- Born: Peter Andrew Buffett May 4, 1958 (age 68) Omaha, Nebraska, U.S.
- Education: Omaha Central High School
- Alma mater: Stanford University
- Occupations: Musician, composer, author, philanthropist
- Years active: 1980s–present
- Spouses: ; Mary Buffett ​ ​(m. 1981; div. 1993)​ ; Jennifer Buffett ​(m. 1996)​
- Children: 2
- Parent(s): Warren Buffett Susan Thompson
- Relatives: Howard Buffett (grandfather) Leila Stahl Buffett (grandmother) Susan Alice Buffett (sister) Howard Graham Buffett (brother) Howard Warren Buffett (nephew) Doris Buffett (Aunt)
- Website: peterbuffett.com

= Peter Buffett =

American musician

Peter Andrew Buffett (born May 4, 1958) is an American musician, composer, author and philanthropist. With a career that spans more than 30 years, Buffett is a Regional Emmy Award winner, New York Times best-selling author and co-chair of the NoVo Foundation. He is the youngest son of billionaire investor Warren Buffett.

==Career==
===Early career===
Buffett began his musical career in the early part of the 1980s in San Francisco, California. After dropping out of Stanford University, he used the proceeds of his inheritance from the sale of his grandfather's farm to pursue a career in music. He recorded and produced albums for local talent. His big break came when a neighbor introduced him to his son-in-law who needed ad tunes for a newly conceived station, MTV. The music channel became a cultural phenomenon in the 1980s. He also was hired by ad agencies to compose commercials and logos - including CNN, which like MTV was also new to cable television at the time.

===Music career===
==== 1987–1995 ====
Buffett decided to transition from advertising to music and he decided that a way to do that is to get a record deal based on movie scores. As new age music was popular in the mid-1980s, he was able to secure one. Narada Productions, a new-age music recording company, signed Buffett to a recording contract. In 1987, Buffett debuted with Narada, releasing an album entitled The Waiting. His second album, One by One, was inspired by Evan S. Connell's book "Son of the Morning Star". In 1989, Buffett moved to Milwaukee, home of Narada Productions and closer to his childhood home in Omaha, Nebraska. Buffett would release two more albums with Narada: Lost Frontier and Yonnondio.
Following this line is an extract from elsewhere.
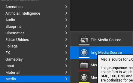 이미지 시퀀스를 불러오기위해 Content Drawer에서 우클릭 - Media - Img Media Source 생성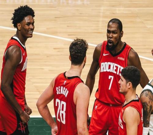 火箭队现在剑走偏锋,他们的目标就是利用全员防守战术去战胜对手,把对手的得分压低,同时自己用投抢战术得到更多的分数。所谓的投抢战术,就是火箭队一旦投不进,那么疯狂去抢前场篮板形成二次进攻,甚至是三次进攻机会。

While with Narada, Buffett had his first major success scoring the "Fire Dance" scene in the film Dances with Wolves. The film score, composed by John Barry, won the Academy Award for Best Original Score. Barry would later invite Buffett to collaborate with him again, this time at the Abbey Road Studios in London. Buffett contributed the Indigenous soundscapes to the film, and went on to compose two songs for the soundtrack of The Scarlet Letter.
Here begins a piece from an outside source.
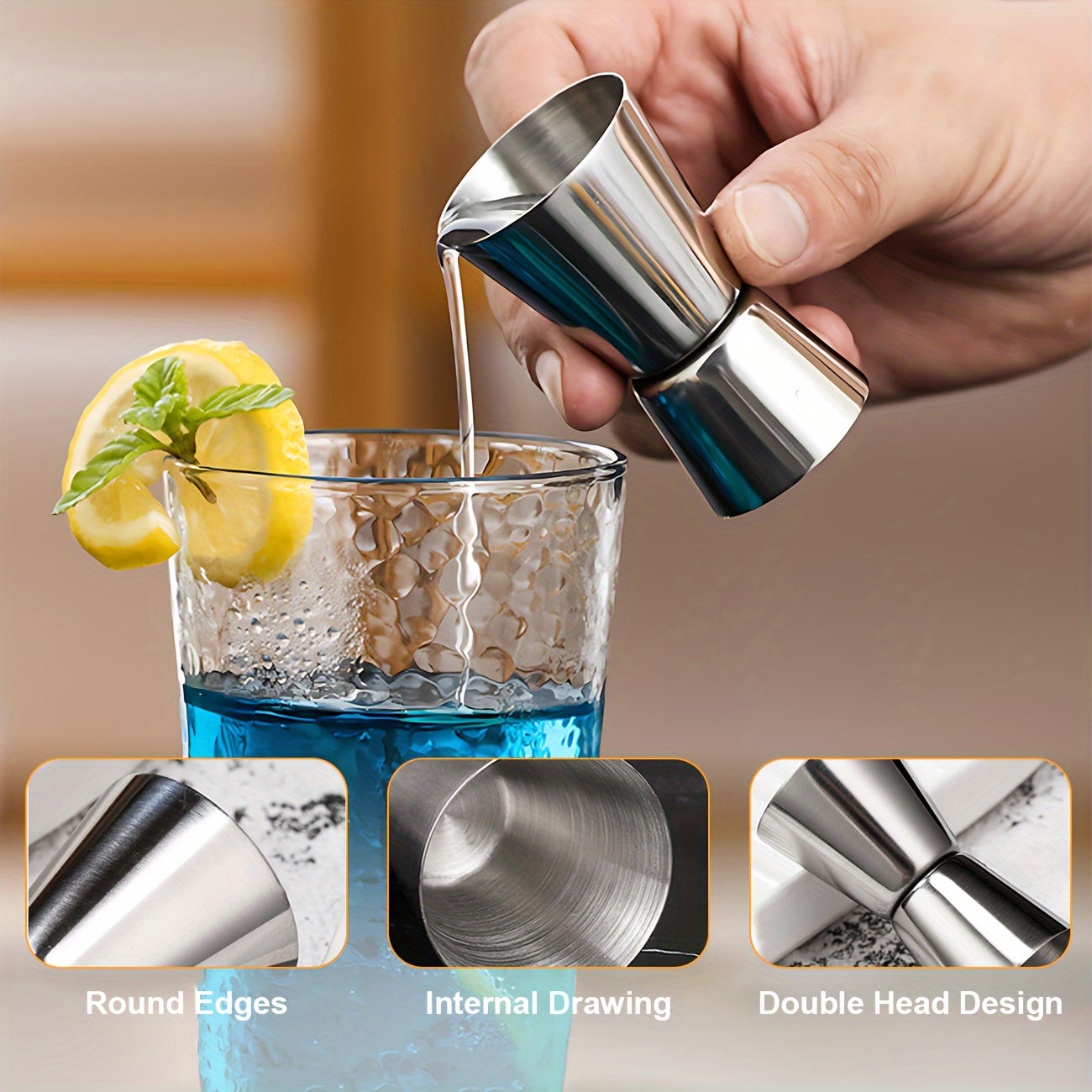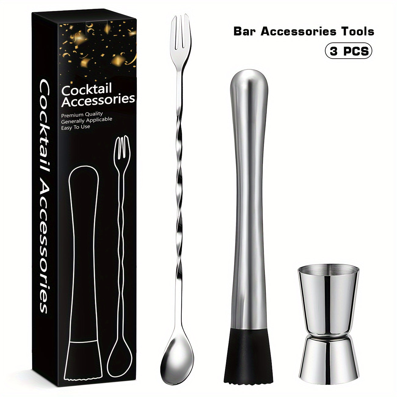 Mustahkam 3-qismli zanglamas po'latdan yasalgan kokteyl aralashtirish to'plami muz maydalagich, aralashtirish qoshiq, o'lchov stakani va uyda va professional foydalanish uchun shisha ochgichni o'z ichiga oladi.

After the release of Yonnondio, Buffett signed with Epic Records. In 1994, he released his soundtrack for the CBS miniseries 500 Nations, which was produced by Kevin Costner.

==== 1996–2005 ====
In 1996, Buffett produced Star of Wonder, a Christmas CD featuring Celtic harpist Kim Robertson and arranger Eric Segnitz. Buffett then signed with Hollywood Records, which released his album Spirit Dance in 1997.
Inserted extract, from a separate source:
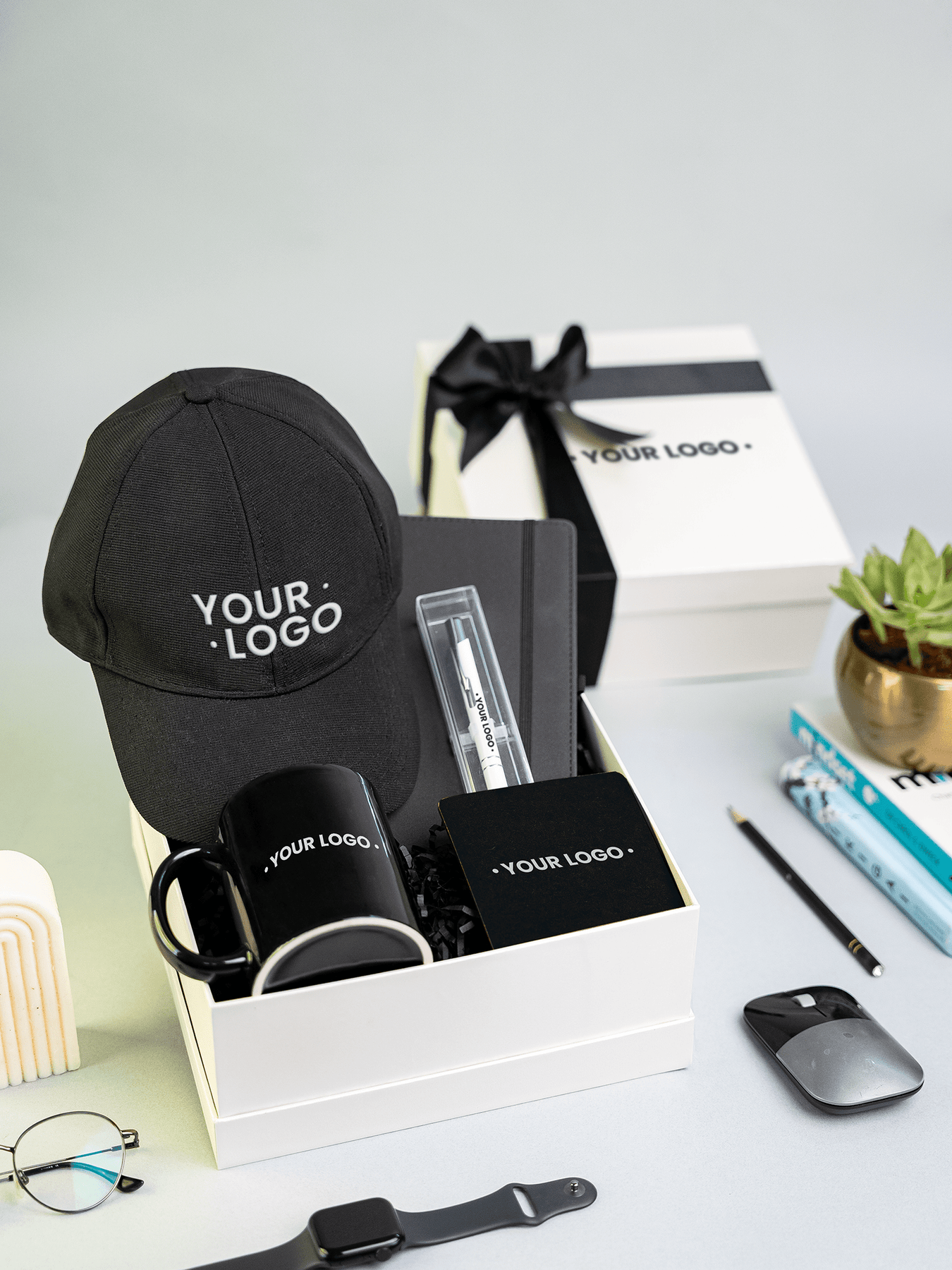 All items are neatly packed in a premium reusable box that reflects your company’s values and attention to detail.

In 1998, he entered the pop music realm with the release of Comet9's "Like Mercury" on Milwaukee-based independent label Don't Records, with Buffett producing, writing and playing multi-instrumentals. Co-writer and guitarist Tom Nelson and vocalist Susan Zielke completed the studio trio, with Citizen King members D. J. Brooks and Malcolm Michiles guesting on drums and turntables, respectively. The live band added bassist Josh Warner to the lineup.

In 1999, Buffett's score for the documentary Wisconsin: An American Portrait won a Chicago / Midwest Emmy Award for Best Soundtrack.

Also in 1999, Buffett's Spirit – A Journey in Dance Drums and Song aired on PBS as a highly successful pledge break special. Combining modern and American Indian dancers with director and choreographer Wayne Cilento, Spirit went on to tour through the end of 1999. In 2004, Buffett worked with Jody Ripplinger and Frank Anderson to create Spirit –The Seventh Fire; an updated version of his earlier show. It was premiered on the National Mall during the opening of the Smithsonian National Museum of the American Indian in its 800-seat theater tent.

==== 2006–present ====
In 2006, Buffett released his first vocal album, Gold Star. Over the course of the next two years, he released two more albums, Staring at the Sun (2007) and Imaginary Kingdom (2008) on his own label, BeSide Records.

In 2009, Buffett began to release exclusive singles through his social networking community on Ning. He has released over 25 singles since then, including a compilation album of fifteen of the songs. The collection, released initially as a USB album, was titled Running Blind (2011) and contained an innovative interactive environment.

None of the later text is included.